The thing that surprised Richard most was the ease and efficiency with which Eleanor handled Annabel—she seemed to know by instinct things that Richard could not understand—and that he could not understand how she came by.

If she reached out her hands to take Annabel, her fingers seemed, of themselves, to curve into the places where they would fit into the spineless bundle and give it support. If Richard tried to take up the bundle, his fingers fell away like the legs of the brittle crab and the bundle collapsed, incalculable and helpless.

“How do you do it?” he would say. And he would right Annabel and try to still her protests.

And Eleanor would only smile gently, and send him on some masculine errand while she soothed Annabel’s feelings in the proper way.

Richard had once watched a cat with her kittens and he had a vivid sense of the kinship of method—so had kittens always been brought into the world and tended; so they would always be—likewise babies.

It was not something that could be read in a book or taught in a school.... Eleanor grew very beautiful these days. The little upward twist left her mouth; and if it grew almost too knowing in its sense of the boundless and accumulated wisdom of ages as regards babies—that, Richard decided, was Annabel’s fault.... Really, to know how to manage a little handful like Annabel might make any one proud.

For one thing, Annabel knew exactly what she wanted.... And she usually got it. She was often disciplined on the way to it, and thwarted—but in the end she got what she wanted.

As Richard More watched Annabel’s progress through life, he thought more than once of the regal gesture with which Annabel’s mother had thrown back the Chinese coat and cast it aside for Annabel’s sake....

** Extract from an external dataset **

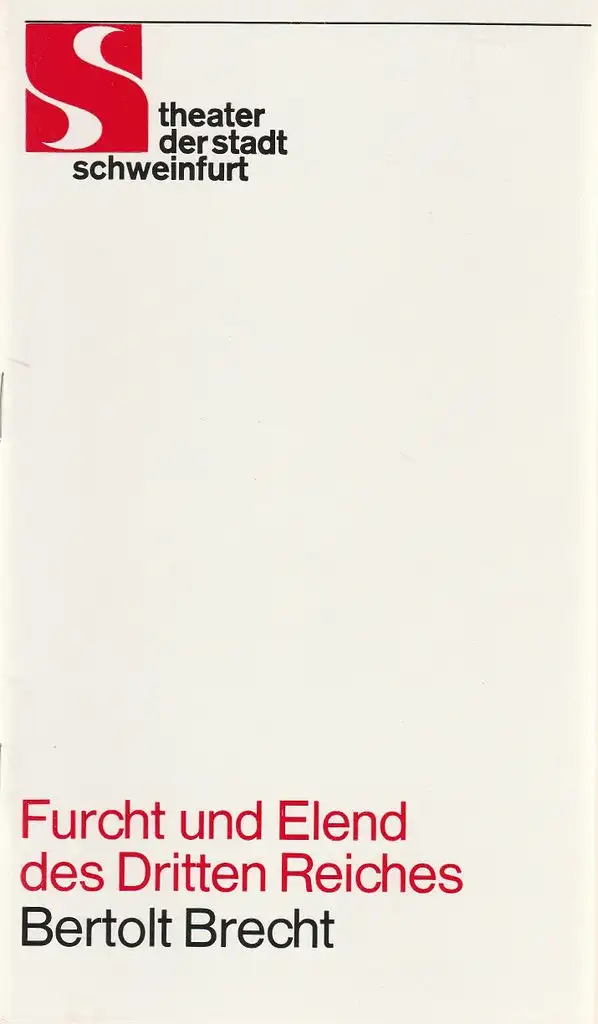 Theater der Stadt Schweinfurt, Günther Fuhrmann, Holger Matthies: Programmheft Bertolt Brecht FURCHT UND ELEND DES DRITTEN REICHES 7. bis 9. November 1977 Spielzeit 1977 / 78 Heft 6.

And now he saw Annabel! Life was often very puzzling. But Richard More had not time to spend working it out. He was too prosperous to puzzle. Whatever he put his hand to seemed to flourish. Men came to have faith in his ventures, and to watch for his investments as pointers to success. His business increased and his family increased.... William Archer came in due season, and then Claude, and then Martin, and Christine, and that was the end.

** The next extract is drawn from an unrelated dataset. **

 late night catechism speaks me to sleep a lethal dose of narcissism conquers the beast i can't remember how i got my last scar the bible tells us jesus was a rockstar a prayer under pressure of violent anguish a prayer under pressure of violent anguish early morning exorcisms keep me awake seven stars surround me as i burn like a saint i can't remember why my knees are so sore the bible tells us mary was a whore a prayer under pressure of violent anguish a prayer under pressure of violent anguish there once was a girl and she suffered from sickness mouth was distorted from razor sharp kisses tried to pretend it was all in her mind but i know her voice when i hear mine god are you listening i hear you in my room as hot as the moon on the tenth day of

The children grew up healthy and normal, except Claude. There seemed some obscure trouble with the boy, and before he was six years old it had declared itself. Within a year, in spite of expensive doctors and care, he died. That had been their first and their only real sorrow.

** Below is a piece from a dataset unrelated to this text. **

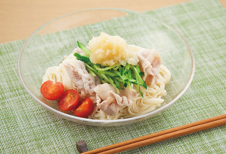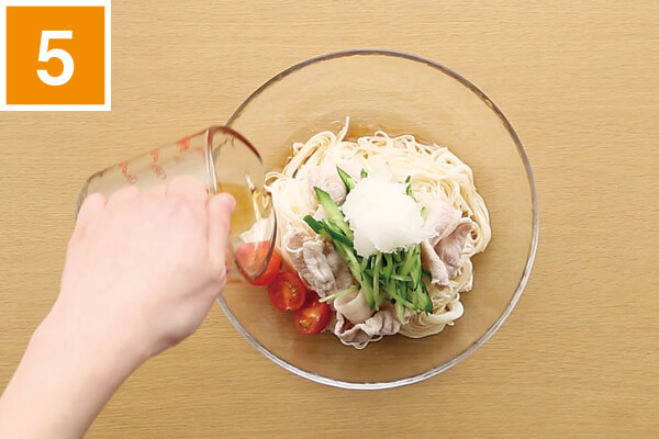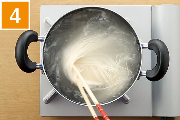 鍋に湯を沸かし、そうめんを表記時間どおりに茹でる。流水で洗い、水気をしっかり切る。

It was when they came back to the house from the funeral that he told Eleanor of his second attempt to get the coat for her.... They were alone in the house. The children had been sent away during the child’s illness and had not come back.

He fancied Eleanor drooped a little as they came into the house; and his mind went out for something to comfort her.... It encountered the Chinese coat.

So, as they sat together in the house that seemed so curiously desolate and different from their usual life together, he told her of the morning he went back to Stewart’s and of his disappointment, and of how he had never quite given up hope that some day Stewart would send for him and tell him to come and get the coat.

She listened with wide, set eyes—almost like a child to a fairy-tale.

“That was very dear of you, Richard!” she said. And she smiled to him, almost as she smiled to the children, and he felt the quick tears in his eyes.

And then suddenly she had thrown herself in his arms.

“Oh, Dick, I am so lonely!” she cried.

And that was the way she came back to him.

After that, although she still guided the children and her hand was on the helm in all decisions, it was to Richard she turned for assurance.

She had come apparently to uncharted waters, and she did not try to make soundings.

And Richard More was as puzzled by her reliance on him as he had been by her wisdom with babies and with life.